Des images "inadmissibles", avait aussi réagi sur Twitter le procureur de la République à Grenoble, Eric Vaillant, lundi 24 août. Cela "renforce, si besoin est, la détermination du parquet de Grenoble à lutter contre les trafiquants de stupéfiants", ajoutait-il. Une opération de police est menée 48 heures plus tard dans le quartier. Entamée en début de soirée par une quarantaine de policiers, elle vise à assurer que "l'Etat s'imposera face à l'ensauvagement d'une minorité de la société", écrit le ministre de l'Intérieur sur Twitter. Après une cinquantaine de contrôles, les policiers ne procèdent à aucune interpellation ni saisie.
L'opération n'est pas du goût du maire de Grenoble, qui dénonce "un vaste coup de com'". En retour, Gérald Darmanin reproche au maire écologiste un "manque d'implication de la ville en matière de sécurité". Une telle réaction "n'est pas digne de la République", rétorque alors Eric Piolle.

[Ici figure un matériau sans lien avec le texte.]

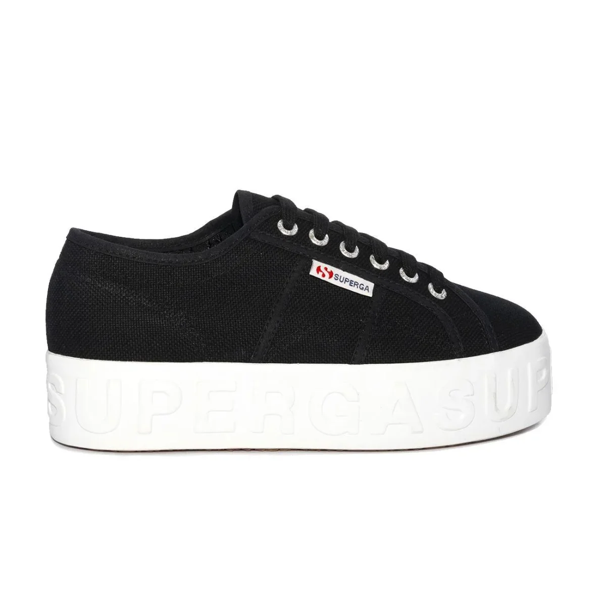 Scarpe DONNA – Modello: 2790 3D LETTERING – Colore: NERO Scarpa con zeppa alta 4 cm e maxi lettering stampato a rilievo lungo tutto il foxing. Tomaia in tela di cotone, interno sfodeato. Logo stampato sul retro e sul sottopiede. Occhielli in alluminio con logo inciso e chiusura con lacci in cotone. Suola in gomma naturale vulcanizzata. Platform. Codice produttore: S71183W-2790
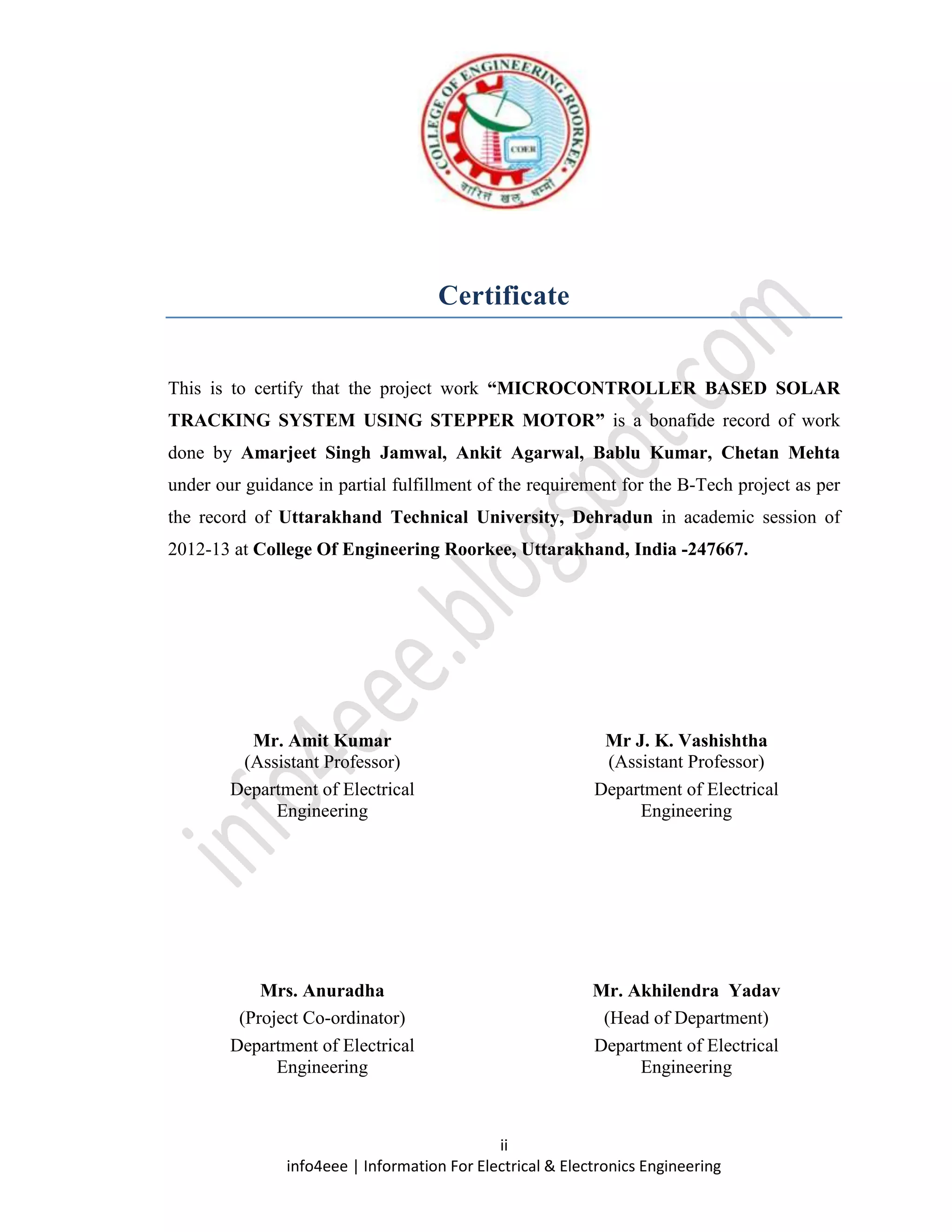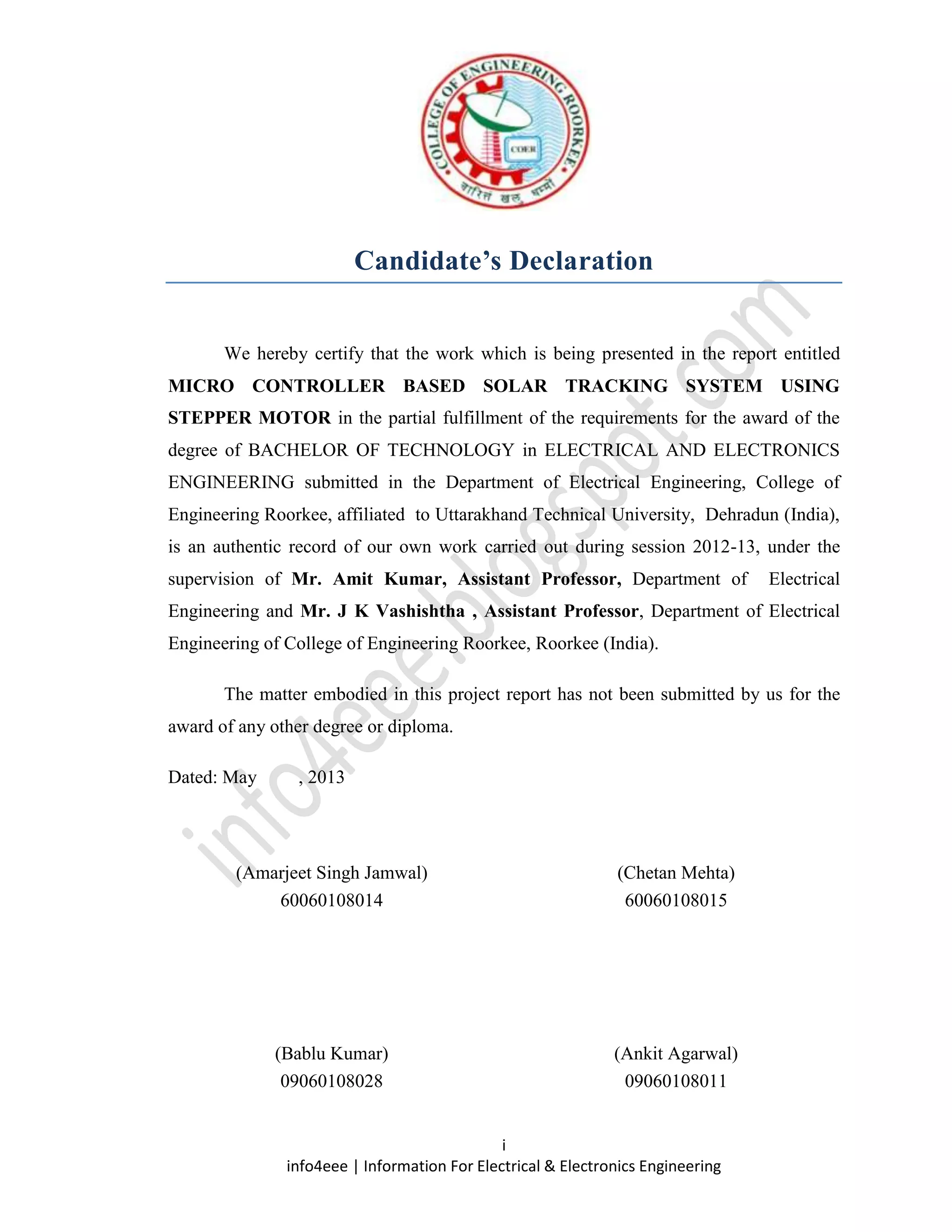This document contains a candidate's declaration signed by four students certifying that the work presented in their report titled "MICRO CONTROLLER BASED SOLAR TRACKING SYSTEM USING STEPPER MOTOR" was completed by them under supervision. It also includes certificates signed by two professors confirming the students completed the project work. The document provides an acknowledgement thanking those who assisted and supported the project work.
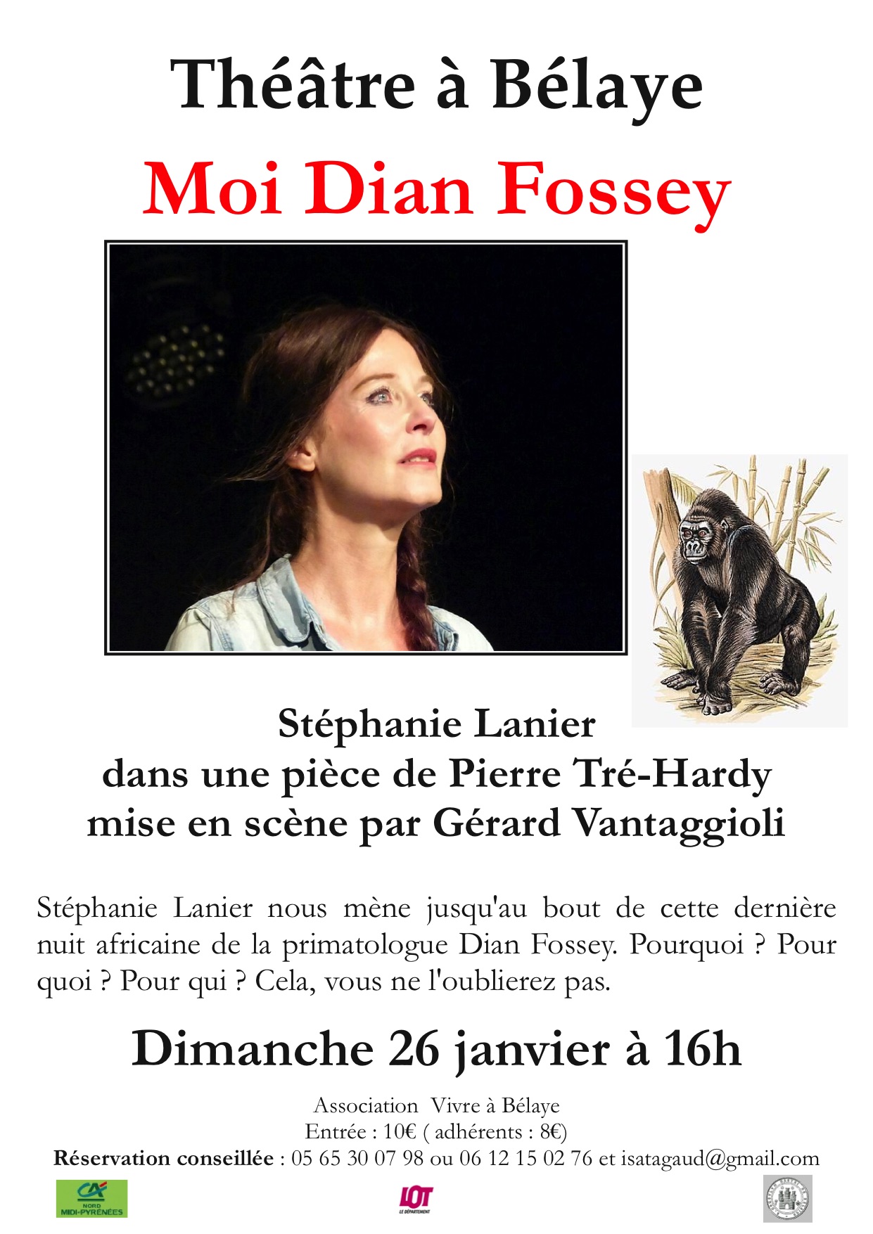 Le dimanche 26 janvier à 16h, à la salle des fêtes de Bélaye, l’association « Vivre à Bélaye » propose une prestation à ne pas manquer:  « Moi, Dian Fossey », un spectacle dans lequel une excellente comédienne, Stéphanie Lanier, incarne la primatologue Dian Fossey une éthologue américaine, spécialisée dans l’étude du comportement des gorilles. Elle les étudie régulièrement dans les forêts de montagne du Rwanda. Cet engagement lui coûtera la vie. Elle est assassinée en 1985. Son assassin est toujours inconnu à ce jour. Son livre best-seller Gorilles dans la brume est une référence pour la presse et le public. La performance de cette actrice, seule en scène, est extraordinaire : elle nous mène par le cœur jusqu’au bout ce cette nuit africaine, nous côtoyons les gorilles, nous sommes happés par cette aventure hors normes et émus par l’évocation des relations qui se tissent entre ces animaux et cette femme passionnée par ses recherches. Un très beau moment de théâtre.
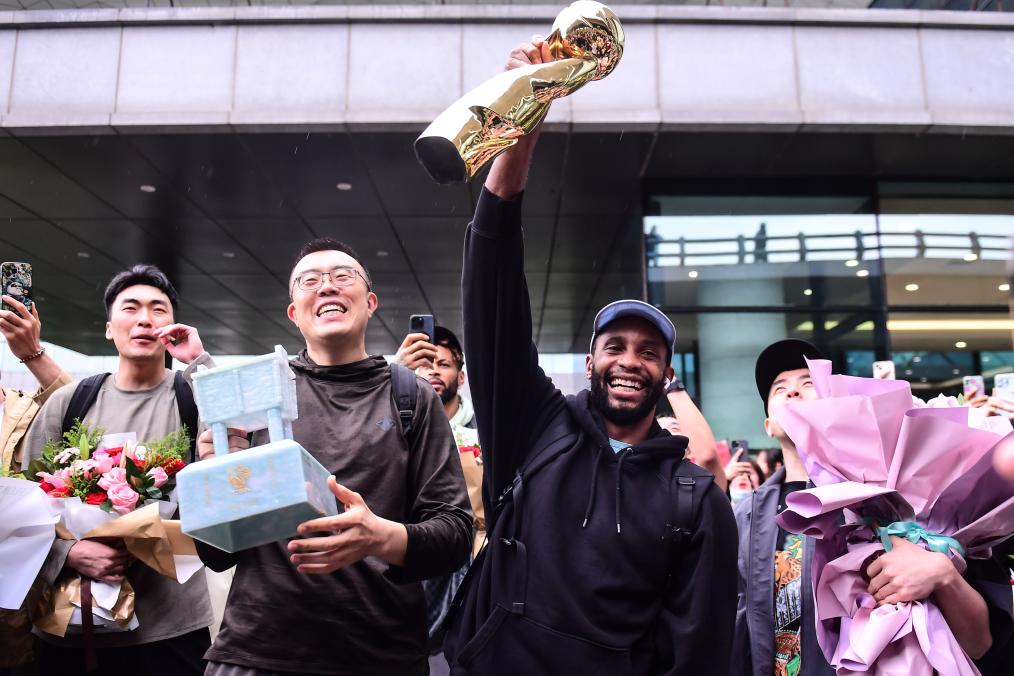 5月23日,辽宁队球员弗格(右二)和队友韩德君(左二)向球迷展示总决赛最有价值球员(FMVP)奖杯和冠军鼎。新华社发
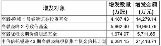 11月25日紫金矿业增发股上市,上述两只产品增发获配数量分别为5862万股和6281万股。此外,邓晓峰管理的另外两只产品,高毅晓峰1号睿远证券投资基金业获配4187.43万股,高毅晓峰长期价值明远基金获配1674.97万股。
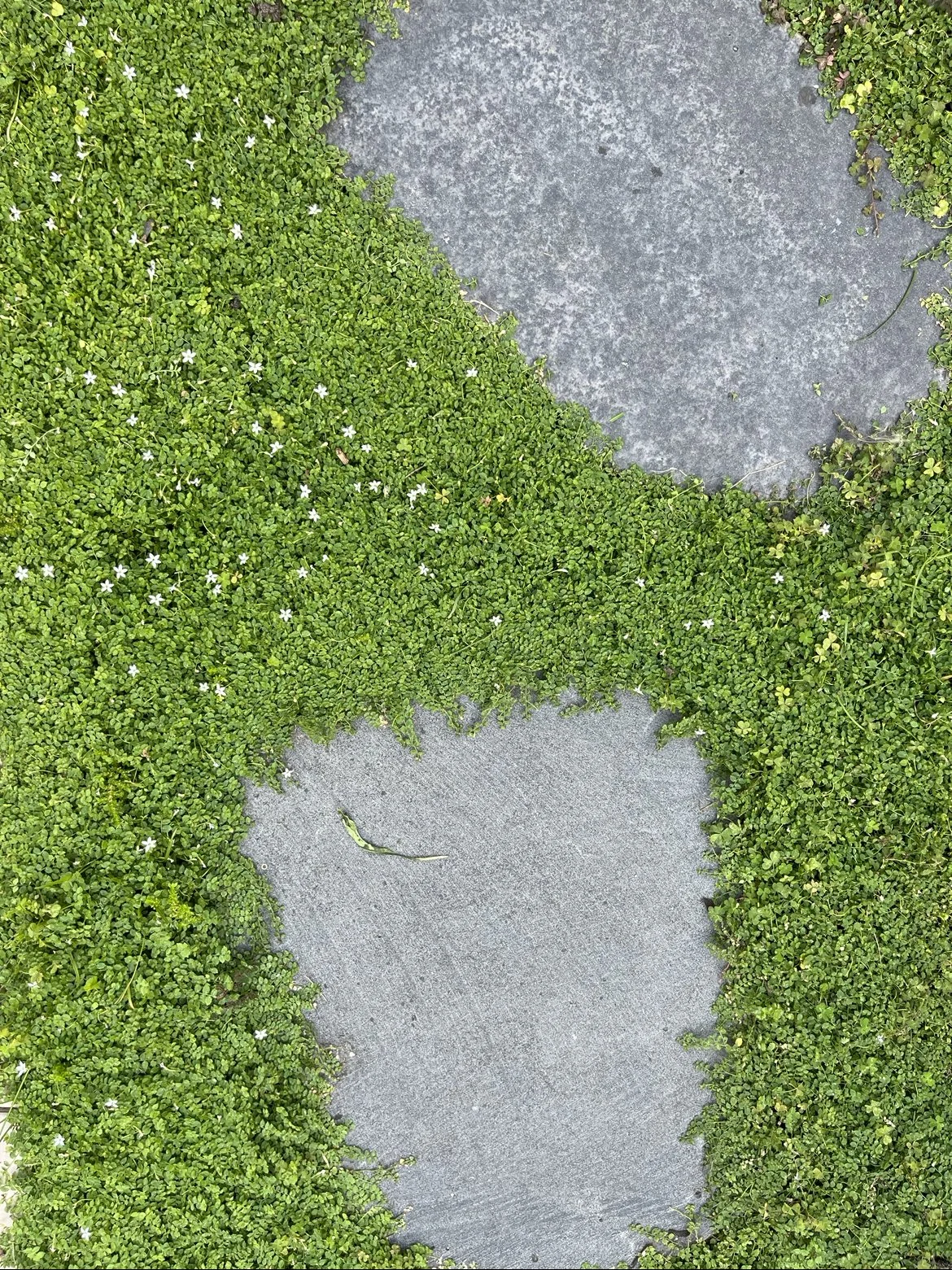 Close-up of stone pathway with small green plants and white flowers growing around the edges.
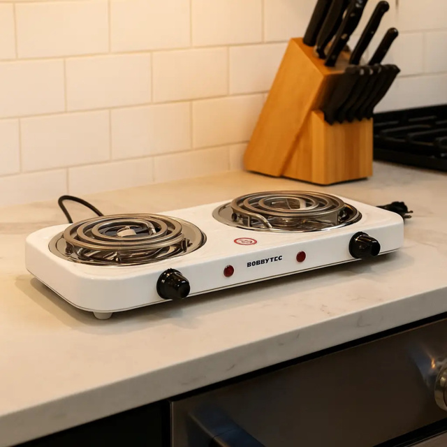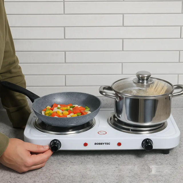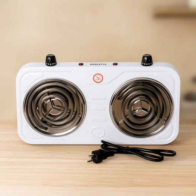 Электроплита настольная спиральная на 2 конфорки BobbyTec HP-03D 2000 Вт - это удобное и компактное устройство, созданное для быстрого и эффективного приготовления пищи в любых условиях. Одна конфорка диаметром 150 мм и мощность 1000 Вт обеспечивают равномерный нагрев, позволяя легко готовить супы, гарниры, жарить или разогревать блюда.

Un début d'explication vient de jeunes habitants du quartier. Pendant un point presse du préfet de l'Isère, le 26 août, ils l'interpellent, clamant que "c'était un clip de rap, que les armes étaient factices", comme le relaie France 3 Alpes.
#Grenoble "C'était un clip de rap, les armes étaient factices" crient les jeunes de #Mistral au préfet de #isere pic.twitter.com/6C9jNMQPPH
— France 3 Alpes (@f3Alpes) August 26, 2020
Où en est l'enquête ?
Dès la publication des vidéos, le parquet de Grenoble a ouvert une enquête pour "association de malfaiteurs" confiée à la police judiciaire. Une semaine plus tard, Corbak Hood, un rappeur grenoblois, affirme dans une vidéo postée sur YouTube, lundi 31 août, que les images étaient une mise en scène pour promouvoir son titre Chicagre – une contraction entre Chicago et Grenoble. "Les armes sont factices, les produits n'étaient que du CBD, seules les friandises sont vraies. Un grand merci aux médias BFMTV, CNews, Le Dauphiné Libéré pour la promo", affirme à la fin de son clip le jeune rappeur, très fier de son coup.
Interrogé mardi par France 3 Auvergne Rhône Alpes, Corbak Hood a assuré que son clip n'avait "rien à voir" avec le trafic de stupéfiants qui gangrène le quartier du Mistral.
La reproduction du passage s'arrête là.